General information
- Location: East Hampshire England
- Coordinates: 51°05′06″N 0°52′44″W﻿ / ﻿51.085°N 0.879°W
- Platforms: 2

Other information
- Status: Disused

History
- Original company: Longmoor Military Railway

Key dates
- by 1933: station opened
- 31 October 1969: closed

Location

= Woolmer railway station =

Served the hamlet of Woolmer in Hampshire, England, between 1933 and 1969

Woolmer railway station is a former railway station, on the Longmoor Military Railway which served the hamlet of Woolmer. The station was probably situated opposite the end of what is now Blackmoor Road, the station is shown as existing on a 1933 map but its precise location is not shown.

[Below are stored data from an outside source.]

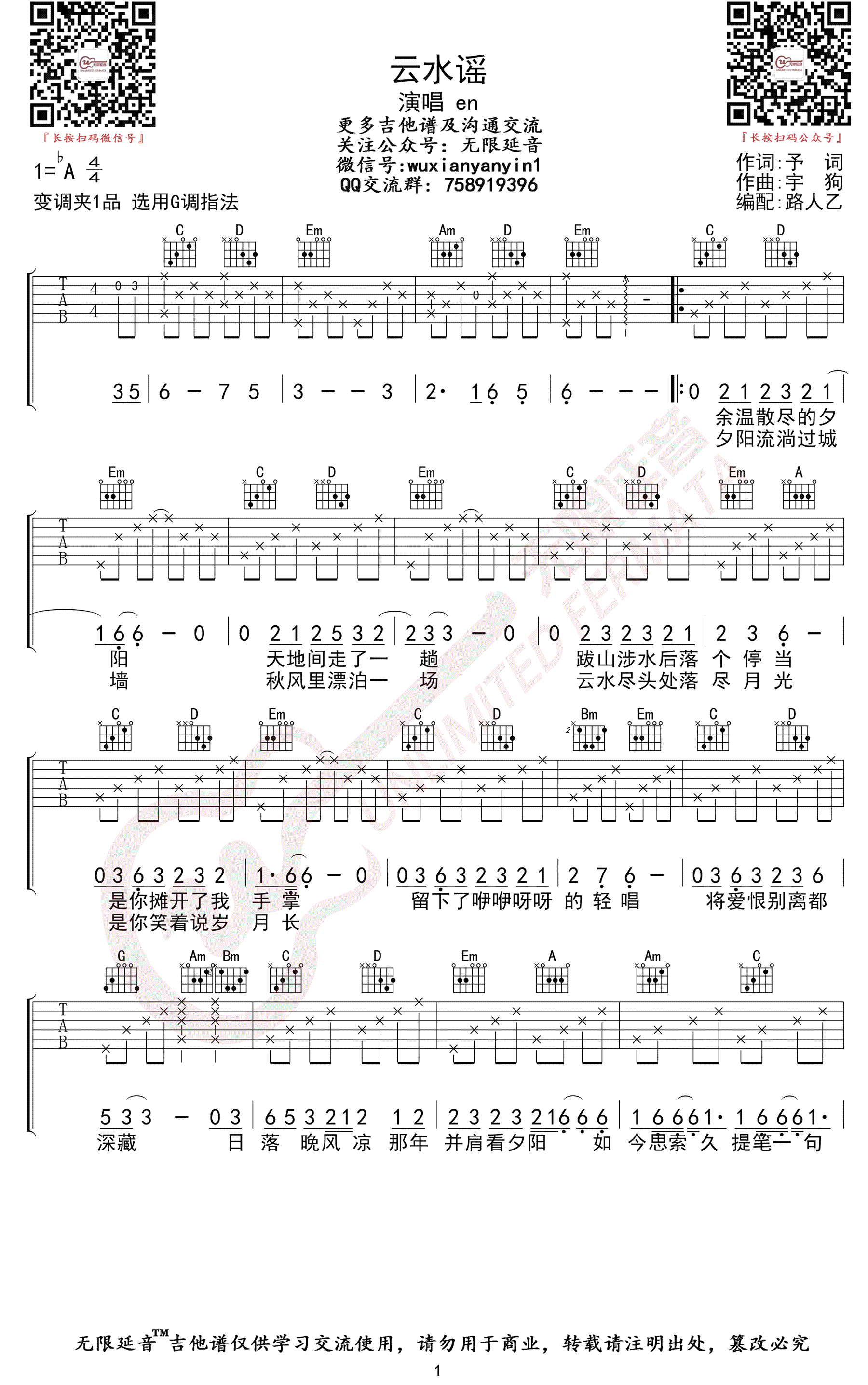 - 云水谣吉他谱_EN_G调_弹唱六线谱_古风歌曲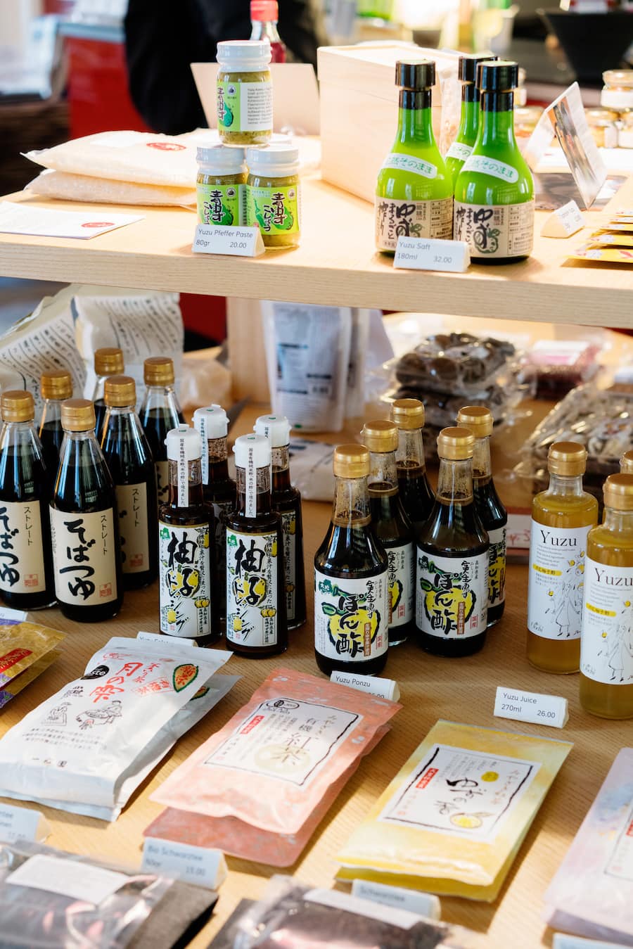Hinter jedem Produkt im Shinwazen steckt eine fesselnde Geschichte. Baumgartner und Suzuki kennen ihre Produzenten alle persönlich und reisen dafür drei Mal pro Jahr nach Japan. Und stellen so gleichzeitig sicher, dass die Herstellung den «Slow Food»-Standards sowie ihren eigenen hohen Ansprüchen entspricht. Sojasaucen, Sesamöle, Mirin oder Yuzu Ponzu: Viele Produkte lassen sich gleich vor Ort im Shop verkosten. Wer beispielsweise einmal von den herausragenden Bio-Sojasaucen probiert, dem erscheint die Kikkoman-Version fortan wie ein eindimensionales Salz-Wässerchen. Sehr empfehlenswert sind auch die schwarze Sesampaste, die hausgemachte Miso-Paste oder Reis der Sorte Koshihikari vom Vorreiter des biologischen Reisanbaus in der Präfektur Niigata. Sie gilt als beste Reissorte Japans.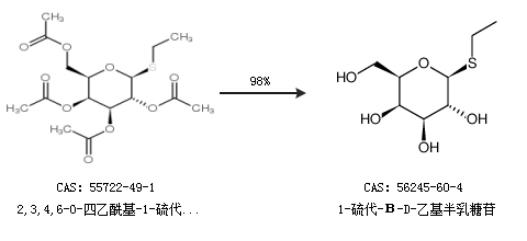 1.通过2,3,4,6-O-四乙酰基-1-硫代-Β-D-乙基半乳糖苷合成1-硫代-Β-D-乙基半乳糖苷,收率约98%;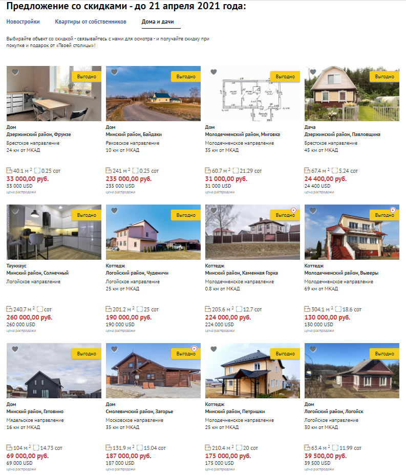 - в карточках квартир и домов указана цена до и со скидкой. Дисконт стартует от 2 600 BYN.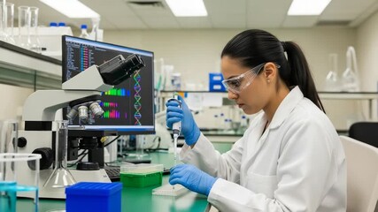 Scientist Analyzing Dna Data On Computer Screen Videos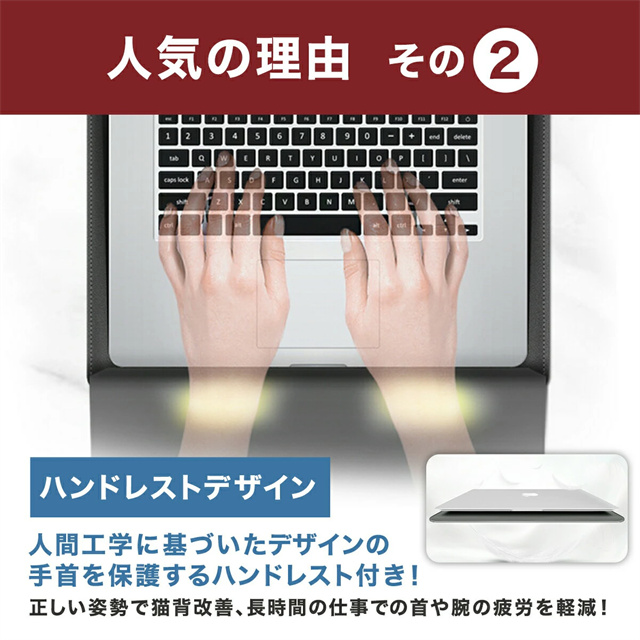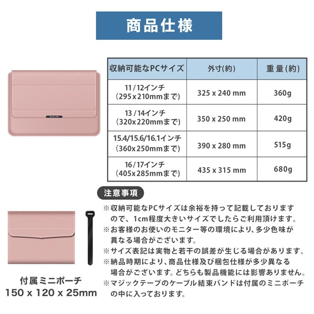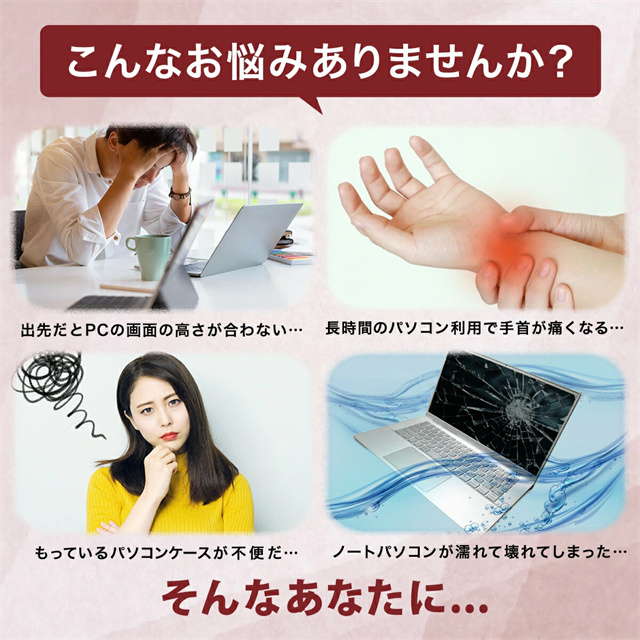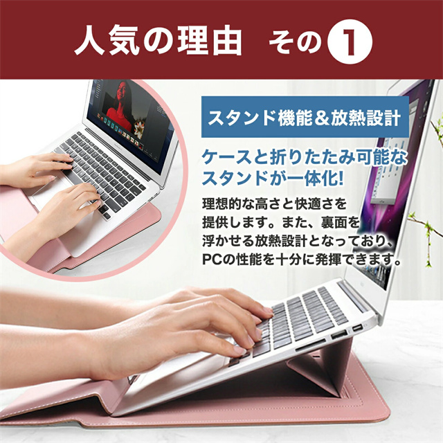 | 製品特徴 | ハンドレスト付きパソコンケーススタンド! 11〜17インチ対応! 7カラー! 【スタンド機能&放熱設計!】 ケースと折りたたみ可能なスタンドが一体化! 理想的な高さと快適さを提供します。 また、裏面を浮かせる放熱設計となっており、PCの性能を十分に発揮できます。 【ハンドレストデザイン!】 人間工学に基づいたデザインの手首を保護するハンドレスト付き! 正しい姿勢で猫背改善、長時間の仕事での首や腕の疲労を軽減! 使いやすい開閉マグネット! 保護ケースの蓋とケースにマグネットを採用! ストレスなくかんたんに開閉可能! 【多目的アクセサリー収納ミニポーチ付属!】 電源ケーブルや、マウス、スマホ、モバイルバッテリー、名刺などの小物を収納できます。 便利なケーブル結束バンド付き! 充実のスペック! 【撥水加工】 撥水加工された高級フェイクレザーを採用。 防水性と防滴性で大切なノートPCを守ります。 【PCを保護する素材】 特注の上質フェイクレザーを採用。 従来のフェイクレザーより約30%薄く軽量。 生地がきめ細かく、耐久性にも優れているのが特徴です。 【4サイズ展開】 お手持ちのPCサイズに合わせられる4サイズをご用意。 丁度いい厚みと軽さで、持ち運びもらくらく快適。 |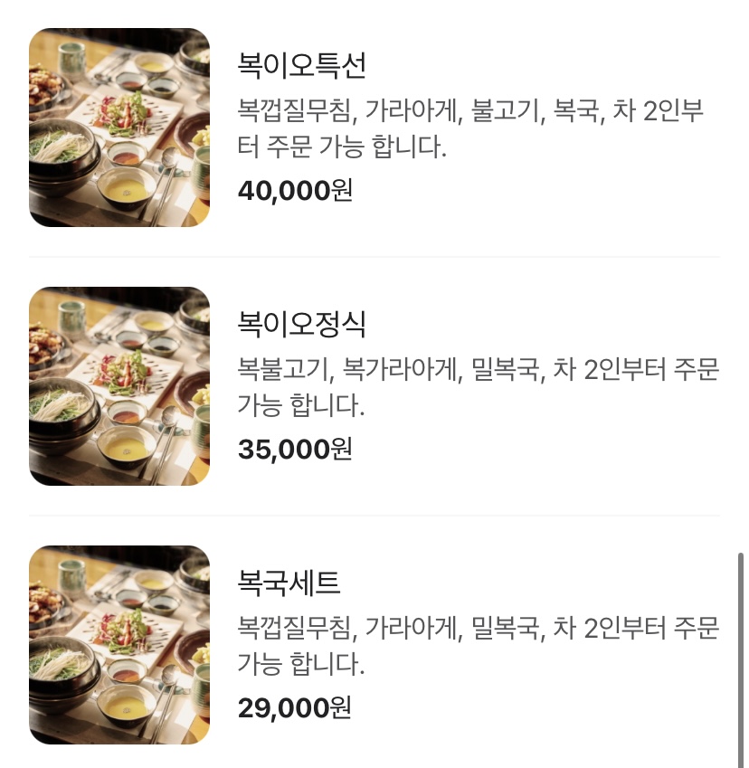 세트 메뉴: 다양한 세트 메뉴가 준비되어 있어 다양한 복어 요리를 즐길 수 있습니다.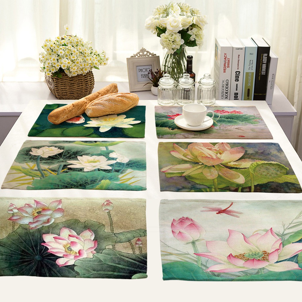 Lotus Oil Painting Printed Cotton And Linen Napkin Tablecloth Home Decoration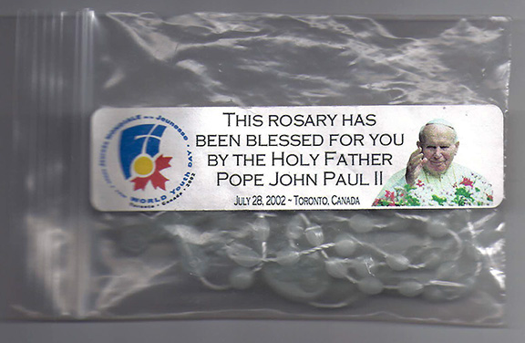 Together with Rosary Beads, that appear to glow in the dark. Contained in a packet labeled “This Rosary Has been Blessed For You By The Holy Father Pope John Paul II, July 28, 2002 - Toronto, Canada”. There is a picture of Pope John Paul with his hand raised as in a blessing. Created for “World Youth Day, Toronto, Canada, 2002”. In excellent condition. SOLD

In 1948 the station had two low-level platforms with no facilities, (Note: The photo in Mitchell & Smith (1987) shows platforms opposite each other, but Farmer (1966) states they were staggered.) it was the station for the marshalling yard which varied in size over the years, peaking at around forty sidings.
There was a block post, the Army's name for a signal box, controlling access to the yard from the double track which was usually worked as a single track using the up line.

The station was closed along with the rest of the line on 31 October 1969.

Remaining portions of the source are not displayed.